§ Extracted data entries
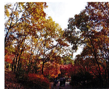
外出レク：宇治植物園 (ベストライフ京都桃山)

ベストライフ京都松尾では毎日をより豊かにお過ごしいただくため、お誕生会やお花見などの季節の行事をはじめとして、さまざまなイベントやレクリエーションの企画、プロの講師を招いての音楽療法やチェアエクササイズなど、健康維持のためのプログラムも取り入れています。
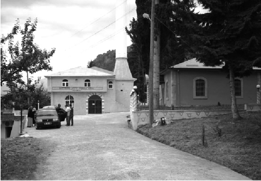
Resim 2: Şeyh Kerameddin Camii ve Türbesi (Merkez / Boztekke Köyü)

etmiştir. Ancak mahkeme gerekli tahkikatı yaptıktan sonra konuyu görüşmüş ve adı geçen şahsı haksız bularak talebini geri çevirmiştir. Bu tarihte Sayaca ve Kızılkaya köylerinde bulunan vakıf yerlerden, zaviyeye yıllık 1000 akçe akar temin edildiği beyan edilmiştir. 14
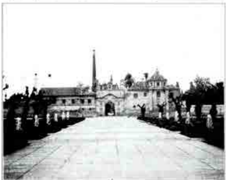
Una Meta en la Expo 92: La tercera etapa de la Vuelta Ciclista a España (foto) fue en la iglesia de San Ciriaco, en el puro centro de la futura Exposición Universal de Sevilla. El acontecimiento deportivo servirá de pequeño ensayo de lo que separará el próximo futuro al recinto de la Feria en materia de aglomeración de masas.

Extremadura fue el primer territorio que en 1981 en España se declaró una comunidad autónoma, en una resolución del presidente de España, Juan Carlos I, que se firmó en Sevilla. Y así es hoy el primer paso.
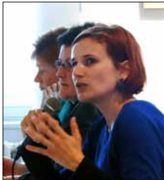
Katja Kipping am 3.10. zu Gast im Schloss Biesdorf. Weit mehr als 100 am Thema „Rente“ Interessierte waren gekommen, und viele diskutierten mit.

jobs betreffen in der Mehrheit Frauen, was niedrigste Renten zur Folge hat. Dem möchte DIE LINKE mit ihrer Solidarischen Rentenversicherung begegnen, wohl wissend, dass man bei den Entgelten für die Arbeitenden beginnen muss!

§ TASK DESCRIPTION
When a line contains the string "Sevilla", count that line; once every line of the records has been checked, state the count alone.

§ TASK SOLUTION
2